Log InJoin 



8 Dumb Mortgage Moves

8 Dumb Mortgage Moves

Purchasing a home can be a stressful experience dealing with multiple parties and juggling finances to qualify for a mortgage. Most problems arise from not being properly prepared or anticipating additional expenses needed for closing. A little knowledge goes a long way when buying a home so avoid these dumb mortgage moves whenever possible.

1. Changing Jobs

To qualify for a mortgage most lenders require consistent employment of two years or more to prove stable income and the ability to make monthly payments. Keep this in mind if you're looking to purchase a home in the next 3 to 5 years. Consider staying in your current job until after closing and then start job hunting.

2. Delaying Pre-Approval

There is nothing worse than finding your dream home and discovering later you don't qualify when applying for a mortgage. Prior to contacting a realtor or looking online, speak with at least three mortgage lenders and get paperwork started to pre-qualify. If you know how much house you can buy you can use that to narrow down the field when searching for homes.

3. Not Comparison Shopping

Many potential home buyers will either contact their current financial institution where they have a checking and savings account or even worse let a builder determine which mortgage they select. There are normally dozens of banks and credit unions in a given metropolitan area so let your fingers do the walking and speak with a few loan officers. Be sure to ask about interest rates and closing costs when shopping around.

4. Having a Small Down Payment

The more money you put down the more options you have when selecting a mortgage. Conventional loans require a minimum of 20% down. While other loans like FHA and VA often require significantly less they normally come with PMI and higher interest rates. Also, the less you finance the more money you save in total interest while paying off the mortgage.

5. Ignoring Closing Fees

Closing fees when purchasing a home can equal 3% to 5% of total mortgage value. To minimize costs, do your research and find out which closing fees are negotiable or excessive and use this information when dealing with mortgage lenders and title companies. This is especially true in slower housing markets where realtors are fighting for a limited customer base and are willing to negotiate fees.

6. Not Knowing Your Credit History

Your overall credit history and credit score will ultimately determine what mortgage you qualify for and what interest rate you pay. Getting excited about buying a home and then finding out afterwards that black marks like charge-offs or repossessions prevent you from qualifying for a mortgage can severely alter your plans. Much like saving for a down payment, anticipate your future purchase date and take steps to repair your credit prior to looking for a home.

7. Not Locking In Rates

Mortgage interest rates fluctuate daily and can vary dramatically from lender to lender so when prequalifying for a mortgage, verify that the quoted rate is locked in for a minimum of 30 days.
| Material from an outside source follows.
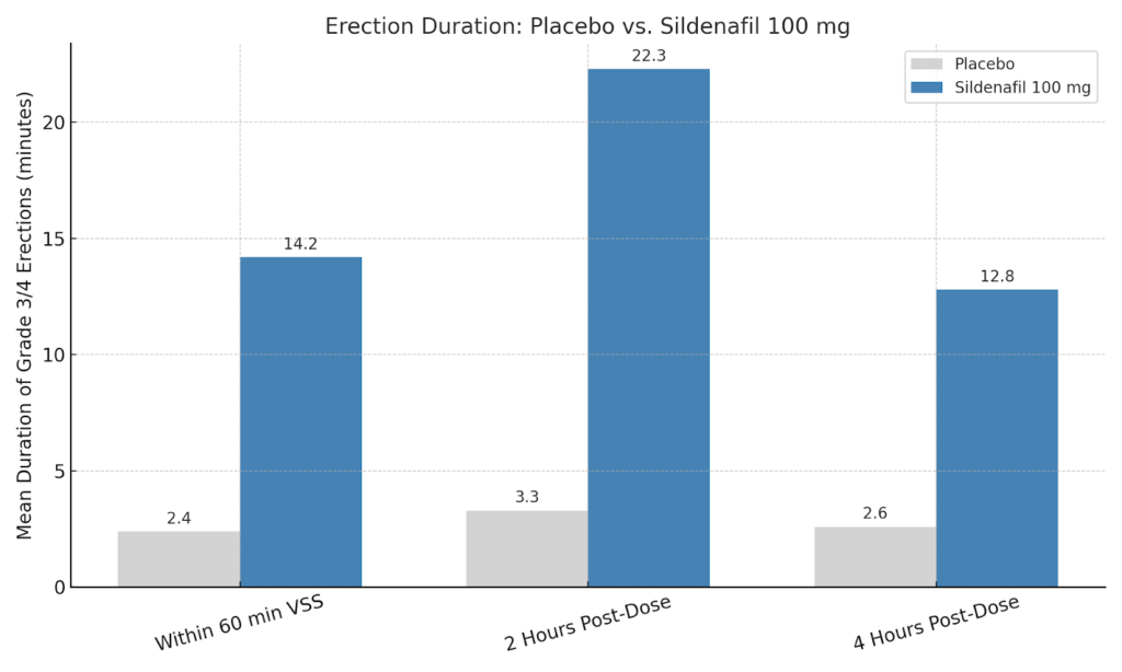 They also categorized erections into grade 3 – hard enough for penetration, and grade 4 – fully hard and noted their mean duration 1 hour, 2 hours and 4 hours post-dose. Their finding clearly depict that medicine is best absorbed and delivers the best quality erections within the first 2-3 hours. After this, you can still achieve firm erections, but they may not last as long.

Some homes take longer to build than others and sometimes negotiations and closing dates get pushed out so save yourself additional interest payments by locking in a lower rate.

8. Overextending Yourself

Many home buyers make the mistake of finding out how much they qualify for and then looking for homes that hit their maximum amount for a mortgage. Overextending yourself financially and not anticipating future costs like remodeling in older homes or landscaping in newer homes may leave new home buyers financially strapped. Purchase a home which fits the current and future needs of you and your family but doesn't increase the risk of foreclosure if money gets tight.